Build Your Own Dataset¶

This guide explains how to prepare your dataset for use with GFM-RAG.

Directory Structure¶

You need to prepare the following files:

dataset_corpus.json: A JSON file containing the entire document corpus.
train.json (optional): A JSON file containing the training data.
test.json (optional): A JSON file containing the test data.
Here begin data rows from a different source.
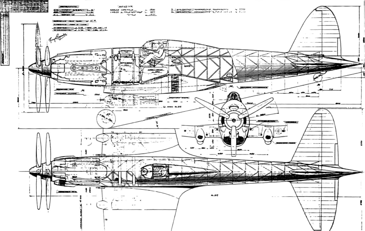 The FIAT G.55 fighter was originally designed to use the A.38 engine with contra-rotating propellers (top), but the aircraft was redesigned once the switch to a single-rotation propeller (bottom) was made. Delays with the A.38 led to the Daimler-Benz DB 605 being installed in the G.55.
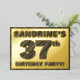 The front of this bold thirty-seventh birthday celebration/party foil invitation card features a custom name, a large number “37th”, the message “BIRTHDAY PARTY!”, and a border, all featuring a rustic, yet sophisticated, faux wood grain look inspired pattern. The back features personalised details about the event, such as the date, time, place/venue, and any other useful information. Customised invitations like these might be used to invite guests/attendees to a birthday gathering being held to celebrate somebody’s 37th birthday. [~Z0000595]
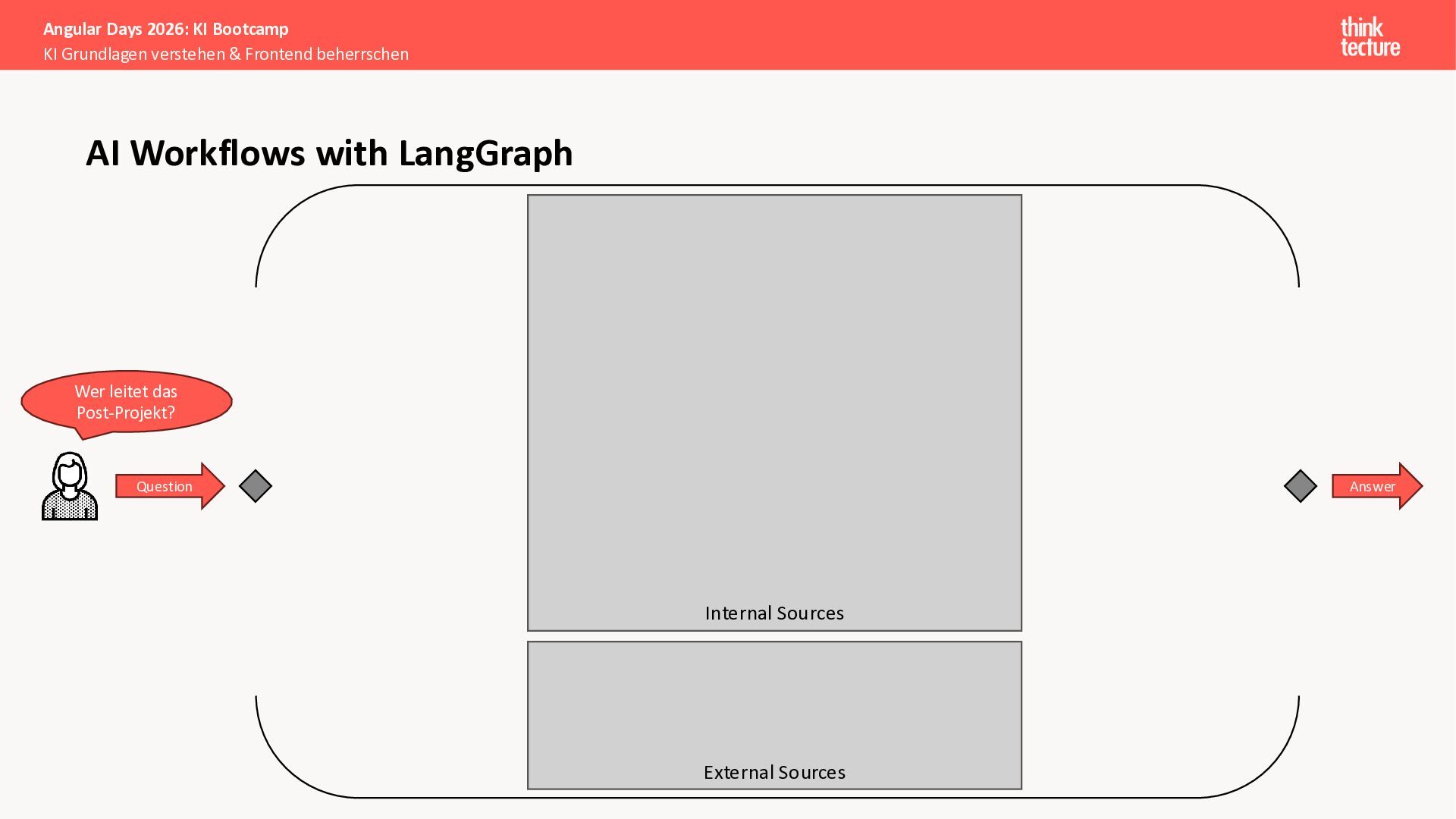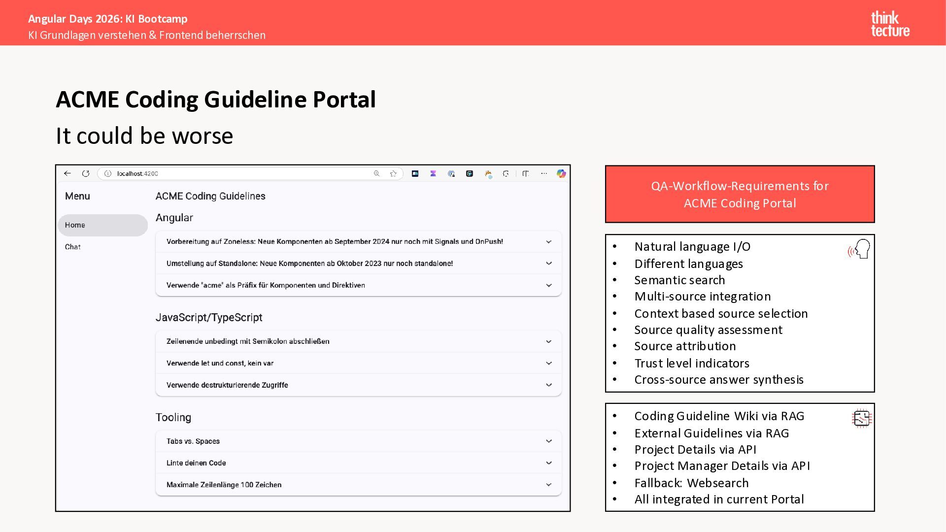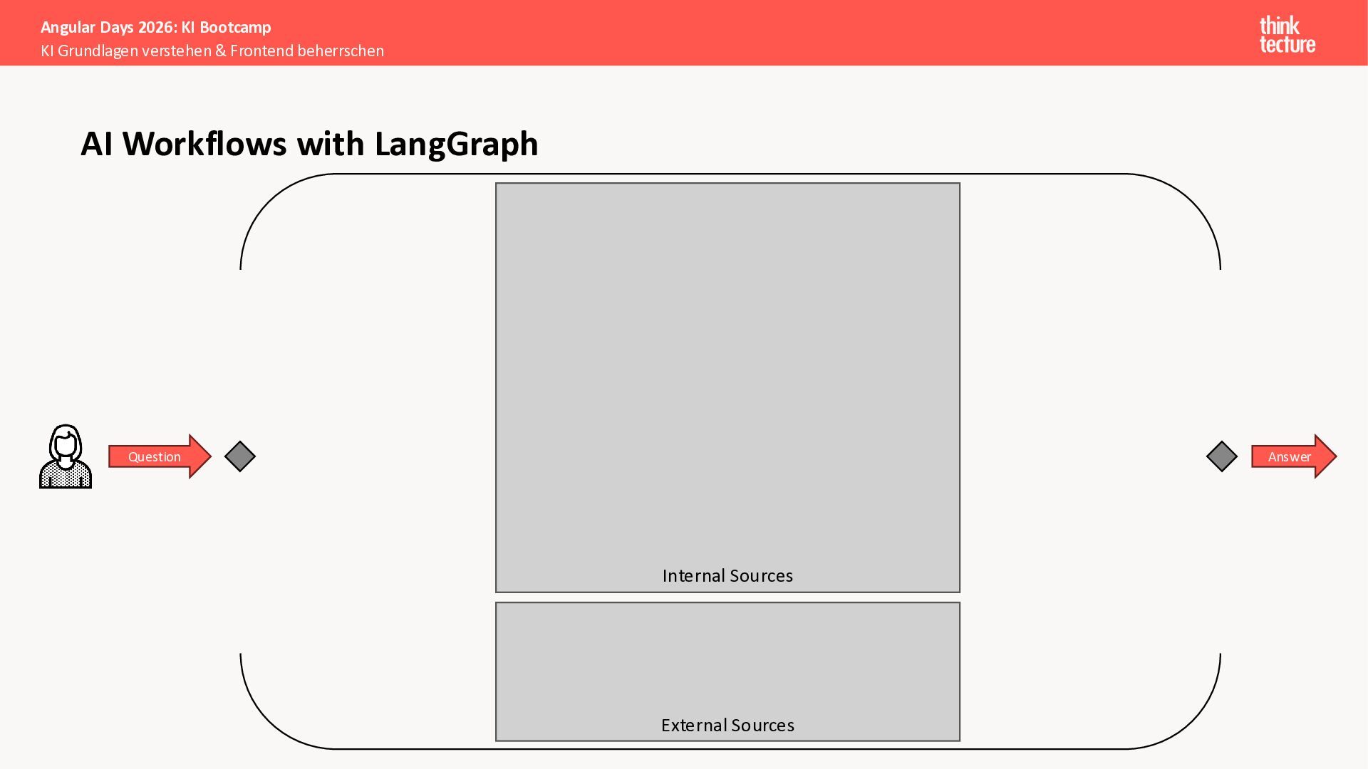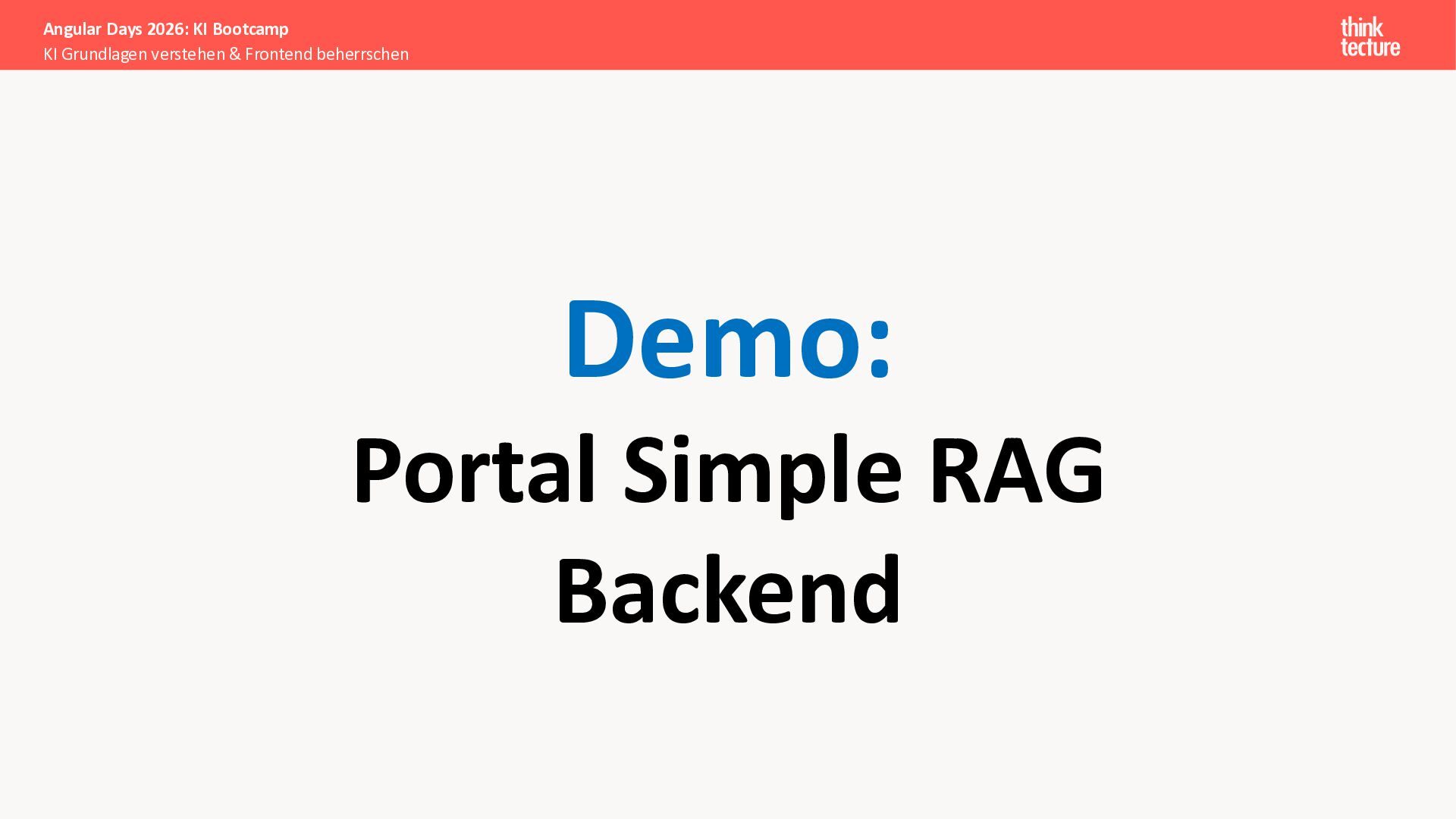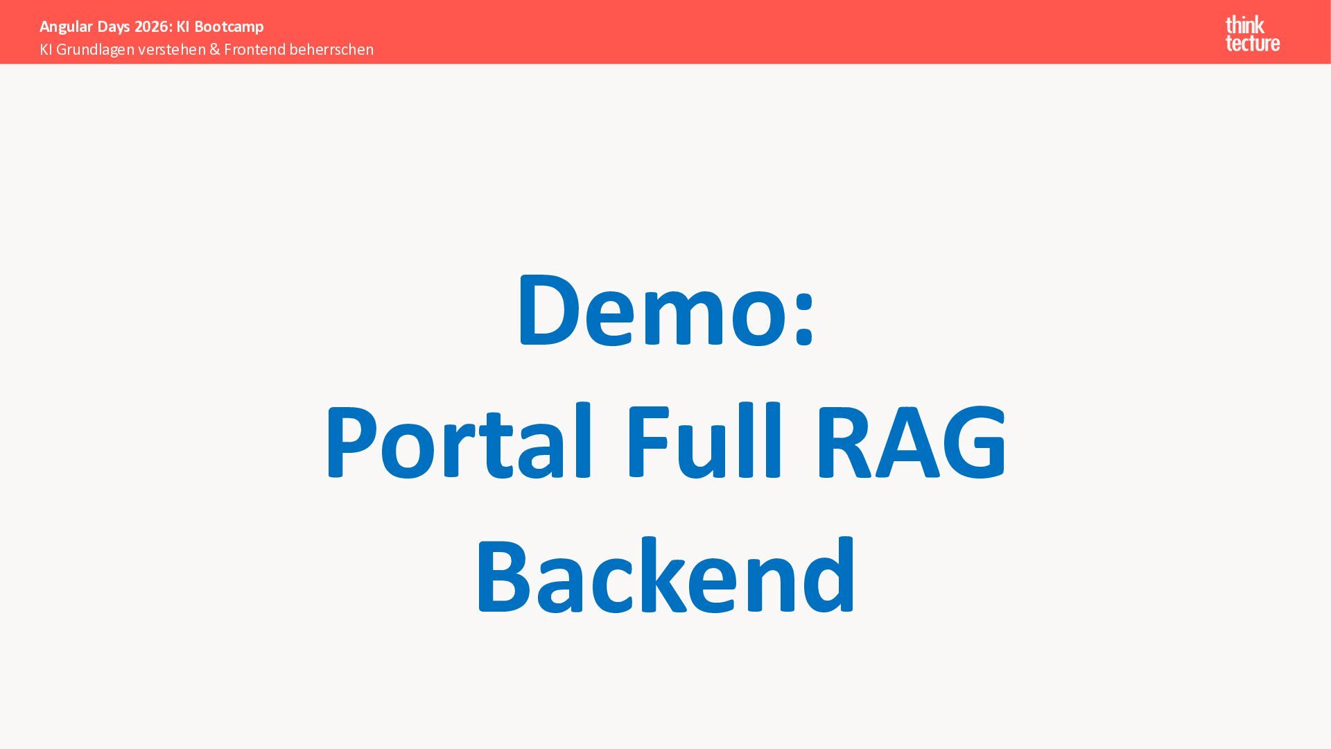 Alle Konzepte demonstrieren wir anhand eines vollständigen Enterprise-Szenarios: Ein Developer-Portal, das statische Guidelines durch AI-generierte, kontextbezogene Empfehlungen ergänzt. Das Backend verknüpft dabei Unternehmenswissen aus verschiedenen Quellen intelligent – von Wikis über Vektordatenbanken und MCP-Server bis hin zu externen Recherchen. Sie erweitern eine bestehende Angular-App um Obsidian-Integration als Wissensspeicher und lernen, wie die Zusammenarbeit zwischen AI-Backend-Teams und Frontend-Entwicklern optimal funktioniert.

Place your files in the following structure:

Text Only

data_name/
├── raw/
│   ├── dataset_corpus.json
│   ├── train.json # (optional)
│   └── test.json # (optional)
└── processed/ # Output directory

Data Format¶

`dataset_corpus.json`¶

The dataset_corpus.json is a dictionary where each key is the title or unique id of a document and the value is the text of the document. Each document should be structured as follows:

key: The title or unique id of the document.
value: The text of the document.

Example:

JSON

{
    "Fred Gehrke":
        "Clarence Fred Gehrke (April 24, 1918 – February 9, 2002) was an American football player and executive.  He played in the National Football League (NFL) for the Cleveland / Los Angeles Rams, San Francisco 49ers and Chicago Cardinals from 1940 through 1950.  To boost team morale, Gehrke designed and painted the Los Angeles Rams logo in 1948, which was the first painted on the helmets of an NFL team.  He later served as the general manager of the Denver Broncos from 1977 through 1981.  He is the great-grandfather of Miami Marlin Christian Yelich"
    ,
    "Manny Machado":
        "Manuel Arturo Machado (] ; born July 6, 1992) is an American professional baseball third baseman and shortstop for the Baltimore Orioles of Major League Baseball (MLB).  He attended Brito High School in Miami and was drafted by the Orioles with the third overall pick in the 2010 Major League Baseball draft.  He bats and throws right-handed."
    ,
    ...
 }

`train.json` and `test.json`¶

If you want to train and evaluate the model, you need to provide training and test data in the form of a JSON file. Each entry in the JSON file should contain the following fields:

id: A unique identifier for the example.
question: The question or query.
supporting_facts: A list of supporting facts for the question. Each supporting fact is a list containing the title of the document that can be found in the dataset_corpus.json file.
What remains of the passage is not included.